By that reasoning NOTHING is optional. Skiing "isn't optional" because a family member could break a leg and place their burdens on you.

Re:I wonder (0)

Anonymous Coward | about 7 months ago | (#46882453)

I still do not understand why the vitriol is so focused on Bitcoin, though. Why don't you go around everywhere and warn people about the dangers of penny stocks? Or large scale frauds, like the one involving this fine gentleman [wikipedia.org] ? The money involved was a few times Bitcoin's market cap.

If you would be honest, you would see that Bitcoin is new technology with new possibilities. No where knows where it goes. It could crash, it could continue to enter certain markets. I do not, but you do neither! And it is definitely not a Ponzi scheme.

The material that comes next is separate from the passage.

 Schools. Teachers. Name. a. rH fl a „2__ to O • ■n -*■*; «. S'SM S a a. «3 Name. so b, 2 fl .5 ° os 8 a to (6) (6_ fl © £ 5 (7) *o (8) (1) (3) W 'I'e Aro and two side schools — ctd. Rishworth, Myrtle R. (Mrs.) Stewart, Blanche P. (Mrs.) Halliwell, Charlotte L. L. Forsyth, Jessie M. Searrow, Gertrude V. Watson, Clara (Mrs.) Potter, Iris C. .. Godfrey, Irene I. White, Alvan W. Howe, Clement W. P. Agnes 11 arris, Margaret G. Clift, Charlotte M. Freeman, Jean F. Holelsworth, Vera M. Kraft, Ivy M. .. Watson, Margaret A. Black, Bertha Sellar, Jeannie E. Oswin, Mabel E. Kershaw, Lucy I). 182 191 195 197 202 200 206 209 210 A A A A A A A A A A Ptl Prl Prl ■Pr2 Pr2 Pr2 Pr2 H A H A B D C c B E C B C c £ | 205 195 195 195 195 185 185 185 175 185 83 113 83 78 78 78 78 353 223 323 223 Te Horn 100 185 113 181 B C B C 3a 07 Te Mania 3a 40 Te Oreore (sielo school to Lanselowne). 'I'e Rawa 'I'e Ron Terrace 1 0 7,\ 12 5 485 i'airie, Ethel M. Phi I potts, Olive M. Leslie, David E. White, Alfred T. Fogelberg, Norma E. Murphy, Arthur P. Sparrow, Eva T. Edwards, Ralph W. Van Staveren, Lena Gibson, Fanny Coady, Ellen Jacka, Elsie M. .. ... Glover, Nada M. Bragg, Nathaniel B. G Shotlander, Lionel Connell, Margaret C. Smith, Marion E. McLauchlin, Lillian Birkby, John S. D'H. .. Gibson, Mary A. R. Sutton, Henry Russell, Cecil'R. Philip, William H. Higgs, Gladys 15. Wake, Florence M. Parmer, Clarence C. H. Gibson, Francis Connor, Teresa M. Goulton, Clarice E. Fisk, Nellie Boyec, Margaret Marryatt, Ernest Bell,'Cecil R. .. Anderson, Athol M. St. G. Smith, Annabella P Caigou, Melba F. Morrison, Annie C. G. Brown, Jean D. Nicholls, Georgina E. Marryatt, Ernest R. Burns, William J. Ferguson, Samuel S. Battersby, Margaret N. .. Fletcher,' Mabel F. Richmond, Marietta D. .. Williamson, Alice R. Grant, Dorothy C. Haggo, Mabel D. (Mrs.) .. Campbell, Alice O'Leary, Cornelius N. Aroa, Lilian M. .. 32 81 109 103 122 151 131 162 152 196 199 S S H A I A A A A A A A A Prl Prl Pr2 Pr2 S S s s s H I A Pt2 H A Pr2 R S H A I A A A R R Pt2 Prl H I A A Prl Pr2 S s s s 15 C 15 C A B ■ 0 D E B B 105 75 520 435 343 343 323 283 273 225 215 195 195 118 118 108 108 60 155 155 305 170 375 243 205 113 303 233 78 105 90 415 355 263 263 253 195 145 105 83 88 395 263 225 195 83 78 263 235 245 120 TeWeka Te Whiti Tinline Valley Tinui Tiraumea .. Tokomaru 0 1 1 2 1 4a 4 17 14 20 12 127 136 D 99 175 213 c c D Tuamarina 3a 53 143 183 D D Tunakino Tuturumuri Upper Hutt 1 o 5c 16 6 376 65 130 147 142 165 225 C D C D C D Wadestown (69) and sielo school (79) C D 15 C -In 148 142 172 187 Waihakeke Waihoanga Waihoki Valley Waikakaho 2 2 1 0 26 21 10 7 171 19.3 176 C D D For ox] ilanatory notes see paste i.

Wouldn't that the be the most honest position? Wouldn't it be advisable to give your peers the most honest information, instead of a dumbed-down -and thus dishonest- warning?

Re:I wonder (0)

Anonymous Coward | about 7 months ago | (#46880595)

Puritanism: the haunting fear that someone, somewhere is having a good time. - H.L. Mencken

Re:I wonder (0)

Anonymous Coward | about 7 months ago | (#46881051)

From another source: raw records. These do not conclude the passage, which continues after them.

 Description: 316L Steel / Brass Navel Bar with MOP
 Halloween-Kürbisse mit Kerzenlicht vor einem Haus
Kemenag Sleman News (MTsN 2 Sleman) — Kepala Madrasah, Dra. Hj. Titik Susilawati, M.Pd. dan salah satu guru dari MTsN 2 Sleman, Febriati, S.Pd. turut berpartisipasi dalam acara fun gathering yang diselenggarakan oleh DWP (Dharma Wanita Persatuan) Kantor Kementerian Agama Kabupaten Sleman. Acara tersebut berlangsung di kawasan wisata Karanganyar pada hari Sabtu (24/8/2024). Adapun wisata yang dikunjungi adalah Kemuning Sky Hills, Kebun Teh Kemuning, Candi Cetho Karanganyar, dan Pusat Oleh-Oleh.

A surprising lack of comprehension. I thought slashdot was smarter than this, but its almost as if intelligent people when it comes to bitcoin believe they are so smart that they can write bitcoin off as a scam before even studying the technical aspect of it, and the philosophical,, and socio political implications ..
Or maybe its that technical people do not generally have vision.

Re:I wonder (1)

DanielRavenNest (107550) | about 7 months ago | (#46881829)

One reason is fear. People who depend on a paycheck denominated in today's currency are afraid their pay and all their assets will be devalued if bitcoin replaces that currency. It's an irrational fear. There will be just as many opportunities to earn bitcoin as the alternatives it replaces. Things that have value (like houses) will still have value in a bitcoin economy.

The other thing is resistance to change. Lots of people don't like change.

Re:I wonder (1)

squiggleslash (241428) | about 7 months ago | (#46881987)

It's pretty simple. It has nothing to do with not being involved, or energy efficiency, or anything like that.

It's the fact that the logic behind it, the whole "it's kinda like a gold standard" type BS, is wrong, and there is nothing, nothing, more likely to upset a geek than someone on the Internet being wrong. [xkcd.com]

Forget bitcoin ... (0)

Anonymous Coward | about 7 months ago | (#46879733)

320,000 Bloomberg terminals at $1500 USD each per month. That's 480 million USD - per *month*. Forget bitcoin, I want in on that action!

Everyones pissy (1)

SinisterEVIL (2661381) | about 7 months ago | (#46880449)

If china is banning it and Big traders and investors are getting interested, it should tell you something. Just take a few minutes to learn how the protocol works before claiming it's worthless technology. It's worth the small effort, we're all tech savvy people here.

No big deal (1)

Animats (122034) | about 7 months ago | (#46881019)

You can get the price of every crap pink sheet stock on a Bloomberg terminal. It's not an endorsement of an investment.

Re:No big deal (1)

Richy_T (111409) | about 7 months ago | (#46881361)

It's not an endorsement but it is a recognition. Which is exactly what Bitcoin needs to increase adoption.

Still not sane (1)

sjbe (173966) | about 7 months ago | (#46882053)

It's not an endorsement but it is a recognition. Which is exactly what Bitcoin needs to increase adoption.

They "recognize" penny stocks too but that doesn't make them a sane place to put your money.

Re:Still not sane (1)

Richy_T (111409) | about 7 months ago | (#46882519)

What's your point?

Re:No big deal (1)

UnknownSoldier (67820) | about 7 months ago | (#46882095)

Exactly.

Bloomberg "legitimizes" BitCoin is the take away here.

That is how all currencies start. An obscure commodity used by the minority. Momentum (popularity) builds until it is used by the Majority.

Having worked on the terminal codebase... (1)

key45 (706152) | about 7 months ago | (#46882057)

I can only imagine how many FORTRAN shared memory fields were abused to make this happen.

Just what we needed (1)

GameboyRMH (1153867) | about 7 months ago | (#46882399)

A way for fatcat bankers to put all the world's money into deflationary virtual tokens.

Actually this could be fun to watch...lulz ho!